The most recent example of package tour operators intentionally gouging their clients in Yunnan made national headlines this past weekend. However, armed with new laws, this time provincial authorities took quick and decisive action that could signal change is coming to China's rough-and-tumble domestic tourism industry.
At issue is a cell phone video of an irate and ill-mannered guide repeatedly ripping into passengers on a tour bus. The woman, surnamed Chen, was caught on camera berating travelers who had not, in her mind, spent enough while visiting Lijiang. She repeatedly questions her captive audience's "moral standards and consciences".
If each of you cannot spend 3,000 to 4,000 yuan, we will cancel the rest of the trip [to Xishuangbanna]. Your flight tickets home will also not be covered...You need to at least spend for the sake of your conscience. If you cannot do that, there will be retributions coming your way.
Once uploaded to social media sites the video went viral and stirred up public outrage, prompting the Yunnan Provincial Commission on Tourism Development (YPCTD) to suspend Chen's operating license. The company she works for, Kunming Fenghua Travel Agency, was also fined 20,000 yuan (US$3,200), ordered to temporarily suspend operations and placed under further investigation.
Chen was punished under statutes designed to protect travelers and was codified as the "Tourism Law of the People's Republic of China", a series of provisions promulgated in the run-up to the 2014 National Day travel period. The law specifically forbids tour operators from selling cheap travel packages and then accepting kickbacks from businesses they force vacationers to patronize.

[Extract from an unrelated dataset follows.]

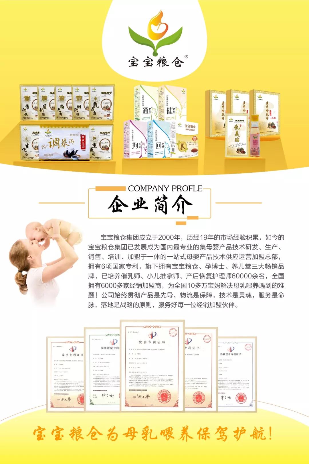 創(chuàng)辦于2000年的寶寶糧倉集團如今已經擁有6項國家專利,旗下?lián)碛袑殞毤Z倉、孕博士、養(yǎng)兒堂三大暢銷品牌,已培養(yǎng)催乳師、小兒推拿師、產后恢復護理60000余名,全國擁有6000多家經銷加盟商,為全國10多萬寶媽解決母乳乳喂養(yǎng)遇到的難題。開創(chuàng)至今,寶寶糧倉一直秉承著以客戶至上的發(fā)展宗旨,用不斷積累的成熟行業(yè)經驗,幫助更多有志之士共創(chuàng)健康行業(yè)的輝煌。寶寶糧倉期待社會各界人士的加盟與合作,攜手關愛母嬰健康!

Spokesman for YPCTD, Liu Kunfeng, in an analysis on the video quoted by news outlet Crienglish remarked that Chen's behavior was clearly a blatant violation of tourism laws:
First thing, the tour guide forced them to shop. If the video is real, then her words certainly violated regulations. Secondly, her attitude is terrible. Third, she used abusive language. So based on these aspects, we can say she violated [national] regulations.
Tricking tourists into shopping excursions is not simply a problem in Yunnan, as evidenced by the negative netizen reaction to Chen's video from all corners of the country. Perhaps this precedent, driven largely by public outrage, will lead to needed reform across the tourism industry.